You did it. You created a full-bore simulator made from belted-together hunks of stolen code and occasionally you discover a horrifyingly fundamental bug but god damn it, it works. It mostly works.

Of course, you had to make a lot of design decisions along the way. You’re maybe not a hundred percent confident in all of those choices. To test them, you need to run this thing against real-world results, a lot of them. Like decades’ worth. And that requires a method of scoring your ladders’ accuracy. Hmm. There are several different ways of doing that. They’re all complicated.

Step 9: Revise model based on score against large data sample

I’m not sure what happens after this. I’m sure it’s something. This is as far as I’ve made it.

At this point, you can pause, reflect on your efforts, and observe that your ladder predictions are often outperformed by random BigFooty posters employing the eyeball-and-guess method.

God damn it.

Squiggle Ladder Predictor: Predict the final ladder!

Rate My Ladder: Score your prediction!

Who Won the Round?

When you come off a good win, you don’t just want to analyze how great you were compared to the other team; you want to see how great you were compared to ALL the other teams.

Sadly, it’s hard to establish objectively how much better (or worse) Richmond’s defeat of Hawthorn was to Collingwood’s thumping of St Kilda, for example, or any of the round’s other games.

Until now! Squiggle now offers an algorithmic ranking of who had the best round. Using data from the aggregate Projected Ladder, which brings together the predictions of many different excellent AFL prediction models, this determines how the weekend’s results impacted each team, by comparing how their predicted ladder finishes changed.

This is all based on pre-round expectations, so an upset win can be hugely meaningful for a team, radically improving its prospects of finishing higher on the ladder.

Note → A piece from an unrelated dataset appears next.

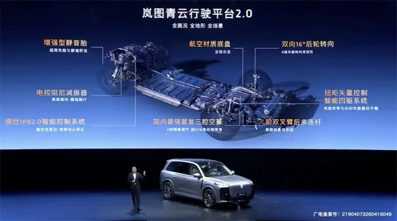 動力系統,新車全系搭載全域800V高壓平臺,支持5C超充,12分鐘即可完成20%-80%極速補能,徹底解決用戶補能痛點。底盤方面,搭載中國第一的三腔空氣懸架+EDC魔毯技術,配合全鋁合金航空級底盤與雙向16度后輪轉向,最小轉彎半徑僅5.4米,兼顧操控穩定性、行駛舒適性與車輛靈活性,應對城市通勤、高速巡航、非鋪裝路面等全場景路況游刃有余。
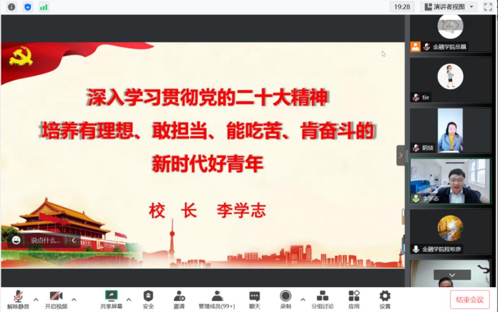 12月15日晚,校长李学志通过腾讯会议的形式,以“深入学习贯彻党的二十大精神,培养有理想、敢担当、能吃苦、肯奋斗的新时代好青年”为题,为金融学院、会计学院300余名师生党员上了一堂生动精彩的专题党课。

Equally, a shock loss can be catastrophic, as the cold-hearted computer models begin shaving down its finals chances.

The importance of “eight-point games” is clearly visible, too, where teams that defeat an opponent competing for the same ladder spots are recognized both for advancing their own position and damaging their competitor’s.

To have an outstanding weekend outside of “eight-point games,” teams need to rely on other results falling fortuitously, so that teams around them lose, while teams too far above or below to matter win.

The current algorithm is a bit experimental, since it applies a weighting to decide the relative importance of changes in predicted ranks vs wins vs percentage. It also applies its own ideas in determining how much to scale these based on the predicted “closeness” of teams, and therefore who is competing with whom for which spots. So it’s currently in beta.

But I think it offers a pretty good map of the round, allowing a peek into the changing fortunes of each team, as prognosticated by the internet’s finest models.